Only the lines of the listing below that run from the line with "核心显微拍照图的对比显示,苹果 A4 和三星的" through the line with "[Эргономичная беспроводная мышь]" are to be set down, word for word. Pictures stay out.

Dataset extract =
____________________

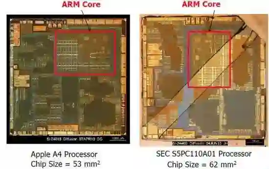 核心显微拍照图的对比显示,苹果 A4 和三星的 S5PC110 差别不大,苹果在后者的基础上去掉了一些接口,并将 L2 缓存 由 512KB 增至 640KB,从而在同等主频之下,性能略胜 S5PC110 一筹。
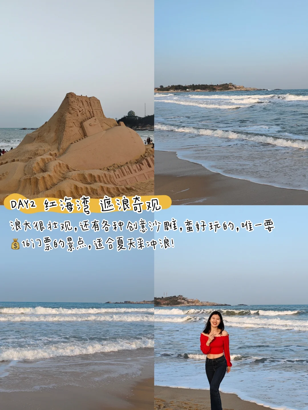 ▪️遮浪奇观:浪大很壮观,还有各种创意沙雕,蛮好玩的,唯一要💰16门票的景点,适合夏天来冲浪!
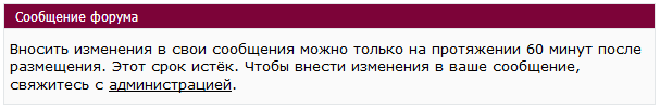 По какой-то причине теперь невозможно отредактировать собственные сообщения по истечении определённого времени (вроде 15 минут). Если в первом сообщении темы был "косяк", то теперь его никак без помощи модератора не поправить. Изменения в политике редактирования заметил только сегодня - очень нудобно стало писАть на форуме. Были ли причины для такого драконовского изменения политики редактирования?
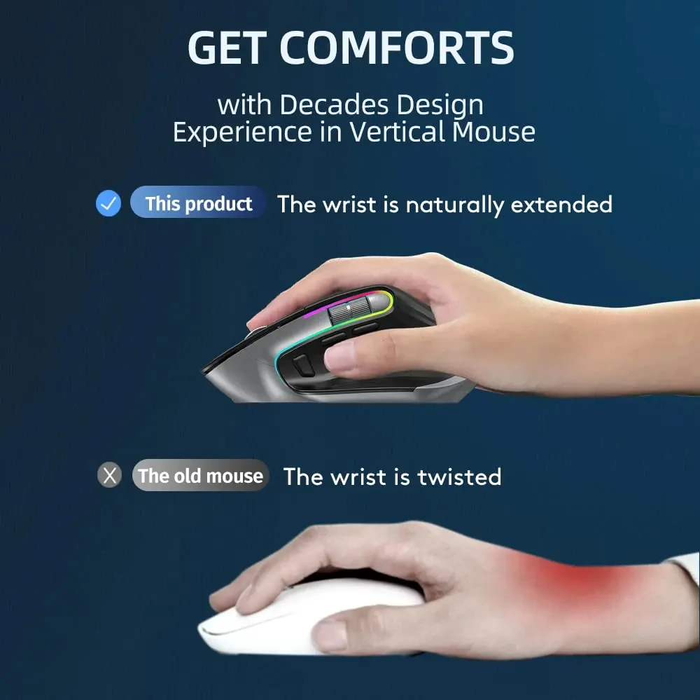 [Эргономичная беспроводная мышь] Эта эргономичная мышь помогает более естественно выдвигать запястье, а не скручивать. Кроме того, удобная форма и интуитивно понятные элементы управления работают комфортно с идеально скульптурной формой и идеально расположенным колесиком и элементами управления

____________________

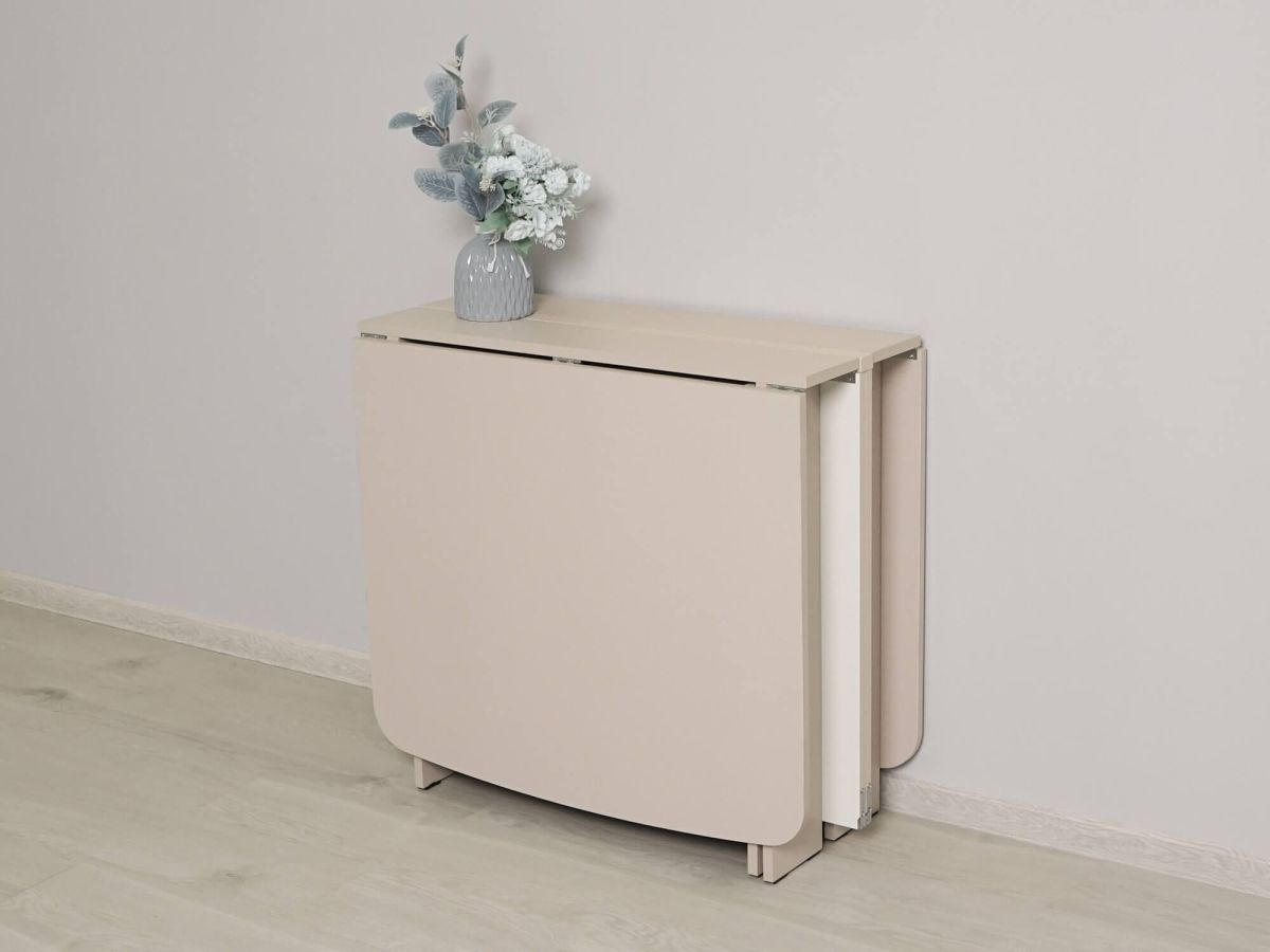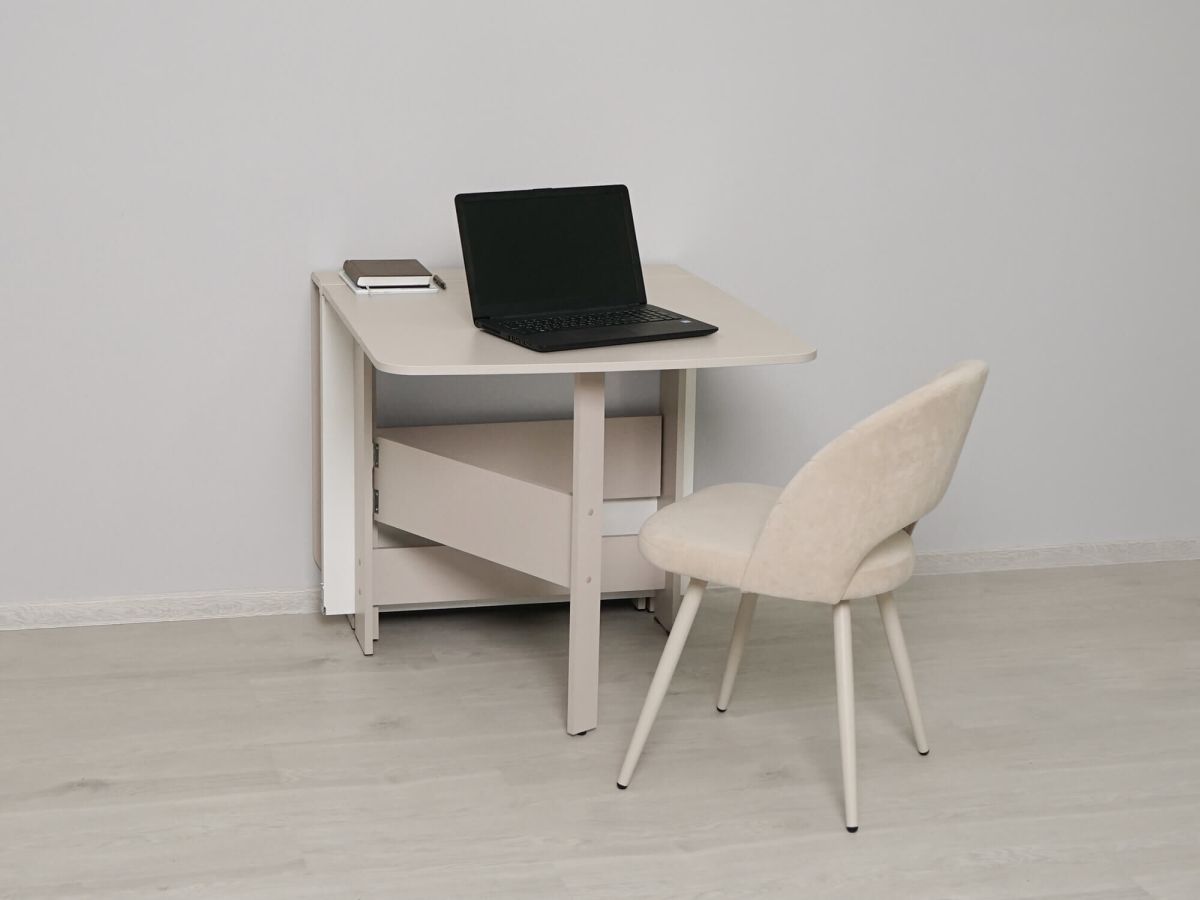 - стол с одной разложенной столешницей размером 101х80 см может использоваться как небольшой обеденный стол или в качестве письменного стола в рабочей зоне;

____________________

Problem solution =
 核心显微拍照图的对比显示,苹果 A4 和三星的 S5PC110 差别不大,苹果在后者的基础上去掉了一些接口,并将 L2 缓存 由 512KB 增至 640KB,从而在同等主频之下,性能略胜 S5PC110 一筹。
 ▪️遮浪奇观:浪大很壮观,还有各种创意沙雕,蛮好玩的,唯一要💰16门票的景点,适合夏天来冲浪!
 По какой-то причине теперь невозможно отредактировать собственные сообщения по истечении определённого времени (вроде 15 минут). Если в первом сообщении темы был "косяк", то теперь его никак без помощи модератора не поправить. Изменения в политике редактирования заметил только сегодня - очень нудобно стало писАть на форуме. Были ли причины для такого драконовского изменения политики редактирования?
 [Эргономичная беспроводная мышь] Эта эргономичная мышь помогает более естественно выдвигать запястье, а не скручивать. Кроме того, удобная форма и интуитивно понятные элементы управления работают комфортно с идеально скульптурной формой и идеально расположенным колесиком и элементами управления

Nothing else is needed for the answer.